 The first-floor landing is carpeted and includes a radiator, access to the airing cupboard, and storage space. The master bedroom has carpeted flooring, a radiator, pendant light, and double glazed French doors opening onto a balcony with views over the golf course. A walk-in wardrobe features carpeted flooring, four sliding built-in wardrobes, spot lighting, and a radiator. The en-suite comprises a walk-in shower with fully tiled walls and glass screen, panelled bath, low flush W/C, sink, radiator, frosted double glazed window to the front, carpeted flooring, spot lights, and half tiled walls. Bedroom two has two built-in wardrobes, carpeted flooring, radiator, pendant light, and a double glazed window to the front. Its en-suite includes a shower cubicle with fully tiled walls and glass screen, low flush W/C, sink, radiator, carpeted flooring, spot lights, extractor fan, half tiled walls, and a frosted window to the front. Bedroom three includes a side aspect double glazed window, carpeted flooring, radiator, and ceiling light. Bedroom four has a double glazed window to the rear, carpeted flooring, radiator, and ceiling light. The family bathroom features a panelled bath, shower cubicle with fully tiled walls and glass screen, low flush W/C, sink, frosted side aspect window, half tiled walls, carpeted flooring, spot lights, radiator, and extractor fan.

------------

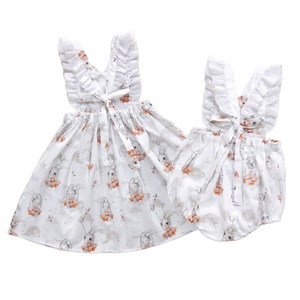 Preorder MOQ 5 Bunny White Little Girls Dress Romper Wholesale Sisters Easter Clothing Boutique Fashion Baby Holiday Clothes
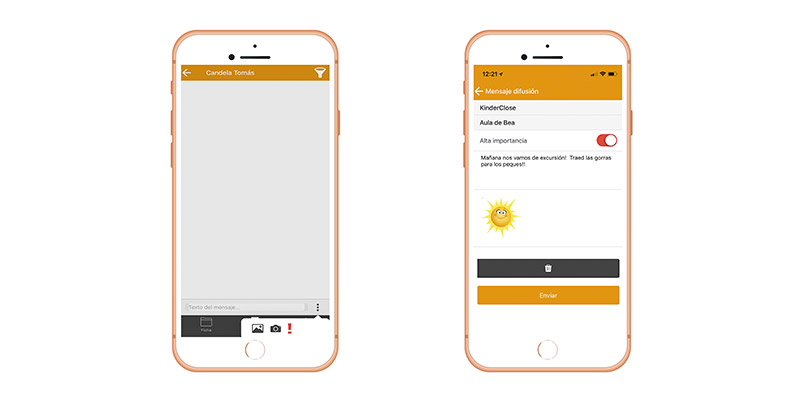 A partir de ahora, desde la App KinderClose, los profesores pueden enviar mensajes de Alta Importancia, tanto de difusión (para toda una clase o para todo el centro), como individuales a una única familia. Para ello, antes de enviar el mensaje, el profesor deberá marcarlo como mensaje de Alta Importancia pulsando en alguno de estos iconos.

------------

— Description of the task —
In the material above, the stretch from the line with "Preorder MOQ 5" through the line with "A partir de" is to be given again exactly, minus the pictures.

— Finished exercise —
 Preorder MOQ 5 Bunny White Little Girls Dress Romper Wholesale Sisters Easter Clothing Boutique Fashion Baby Holiday Clothes
 A partir de ahora, desde la App KinderClose, los profesores pueden enviar mensajes de Alta Importancia, tanto de difusión (para toda una clase o para todo el centro), como individuales a una única familia. Para ello, antes de enviar el mensaje, el profesor deberá marcarlo como mensaje de Alta Importancia pulsando en alguno de estos iconos.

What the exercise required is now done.